| DATA SEGMENT |
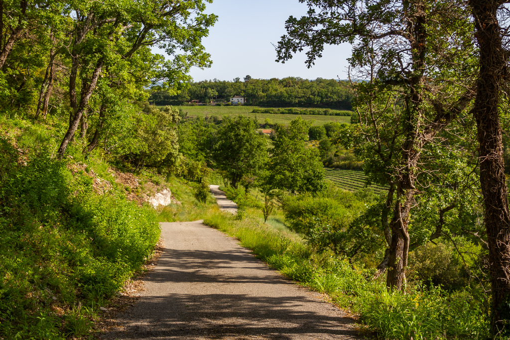 Départ parking à la sortie d’Auribeau sur la D48 jusqu’à Bergeroux au point 598 m pour retrouver la D48 au point 620 m "Chemin de la Française" jusqu’aux Fondons (615 m).
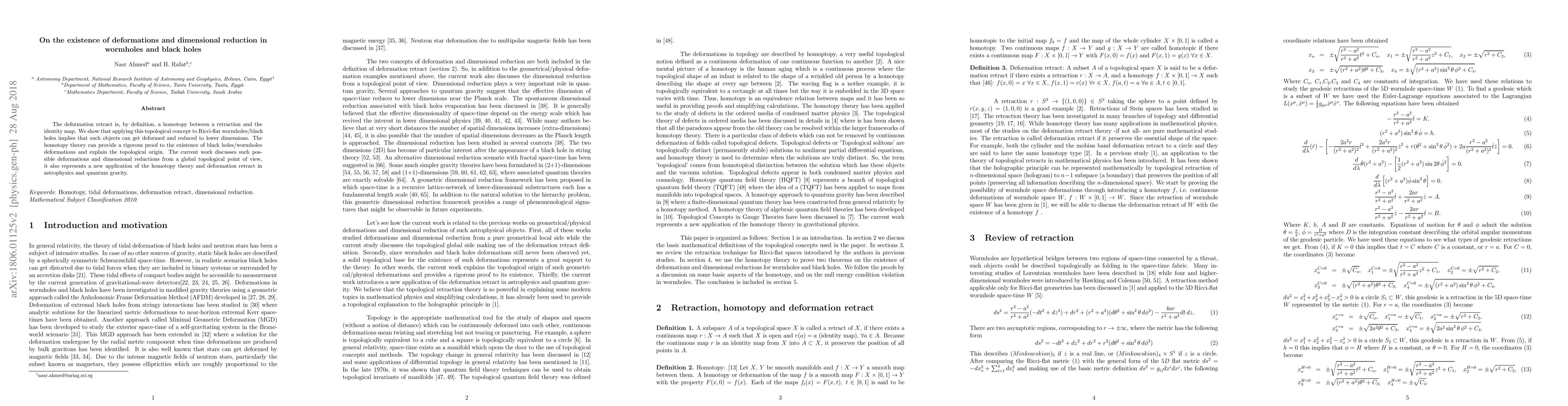 The deformation retract is, by definition, a homotopy between a retraction and the identity map. We show that applying this topological concept to Ricci-flat wormholes/black holes implies that such objects can get deformed and reduced to lower dimensions. The homotopy theory can provide a rigorous proof to the existence of black holes/wormholes deformations and explain the topological origin. The current work discusses such possible deformations and dimensional reductions from a global topological point of view, it also represents a new application of the homotopy theory and deformation retract in astrophysics and quantum gravity.
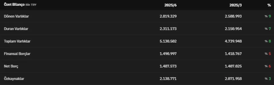 Dönen varlıklar 2025 yılının ikinci çeyreğinde 2.819.329.000 TL olarak açıklandı. 2025 yılının ilk çeyreğinde 2.588.993.000 TL olarak açıklanan dönen varlıklar, yılın ikinci çeyreğinde %9 artmış oldu. 2025 yılının ikinci çeyreğinde 2.311.173.000 TL olarak açıklanan duran varlıklar ise, 2025 yılının ilk çeyreğinde 2.150.954.000 TL olarak açıklanmıştı. Toplam varlıklar 2025 yılının ikinci çeyreğinde 5.130.502.000 TL olarak kaydedildi. 2025 yılının ilk çeyreğinde 4.739.948.000 TL olarak açıklanan toplam varlıklar, 2025 yılının ikinci çeyreğinde %8 artmış oldu.Finansal borçlar 2025 yılının ikinci çeyreğinde 1.490.997.000 TL olarak açıklandı. 2025 yılının ilk çeyreğinde 1.418.767.000 TL olarak açıklanan finansal borçlar, 2025 yılının ikinci çeyreğinde %5 artmış oldu. 2025 yılının ikinci çeyreğinde net borç 1.487.573.000 TL olarak açıklandı. 2025 yılının ilk çeyreğinde 1.407.025.000 TL olarak açıklanan net borç, 2025 yılının ikinci çeyreğinde %6 artmış oldu. Özkaynaklar ise 2025 yılının ikinci çeyreğinde 2.138.771.000 TL olarak duyuruldu. 2025 yılının ilk çeyreğinde 2.071.958.000 TL olarak açıklanan özkaynaklar, 2025 yılının ikinci çeyreğinde %3 artmış oldu.

| WHAT IS NEEDED |
Please write the material out again exactly as shown above, minus any pictures.

| EXERCISE OUTPUT |
 Départ parking à la sortie d’Auribeau sur la D48 jusqu’à Bergeroux au point 598 m pour retrouver la D48 au point 620 m "Chemin de la Française" jusqu’aux Fondons (615 m).
 The deformation retract is, by definition, a homotopy between a retraction and the identity map. We show that applying this topological concept to Ricci-flat wormholes/black holes implies that such objects can get deformed and reduced to lower dimensions. The homotopy theory can provide a rigorous proof to the existence of black holes/wormholes deformations and explain the topological origin. The current work discusses such possible deformations and dimensional reductions from a global topological point of view, it also represents a new application of the homotopy theory and deformation retract in astrophysics and quantum gravity.
 Dönen varlıklar 2025 yılının ikinci çeyreğinde 2.819.329.000 TL olarak açıklandı. 2025 yılının ilk çeyreğinde 2.588.993.000 TL olarak açıklanan dönen varlıklar, yılın ikinci çeyreğinde %9 artmış oldu. 2025 yılının ikinci çeyreğinde 2.311.173.000 TL olarak açıklanan duran varlıklar ise, 2025 yılının ilk çeyreğinde 2.150.954.000 TL olarak açıklanmıştı. Toplam varlıklar 2025 yılının ikinci çeyreğinde 5.130.502.000 TL olarak kaydedildi. 2025 yılının ilk çeyreğinde 4.739.948.000 TL olarak açıklanan toplam varlıklar, 2025 yılının ikinci çeyreğinde %8 artmış oldu.Finansal borçlar 2025 yılının ikinci çeyreğinde 1.490.997.000 TL olarak açıklandı. 2025 yılının ilk çeyreğinde 1.418.767.000 TL olarak açıklanan finansal borçlar, 2025 yılının ikinci çeyreğinde %5 artmış oldu. 2025 yılının ikinci çeyreğinde net borç 1.487.573.000 TL olarak açıklandı. 2025 yılının ilk çeyreğinde 1.407.025.000 TL olarak açıklanan net borç, 2025 yılının ikinci çeyreğinde %6 artmış oldu. Özkaynaklar ise 2025 yılının ikinci çeyreğinde 2.138.771.000 TL olarak duyuruldu. 2025 yılının ilk çeyreğinde 2.071.958.000 TL olarak açıklanan özkaynaklar, 2025 yılının ikinci çeyreğinde %3 artmış oldu.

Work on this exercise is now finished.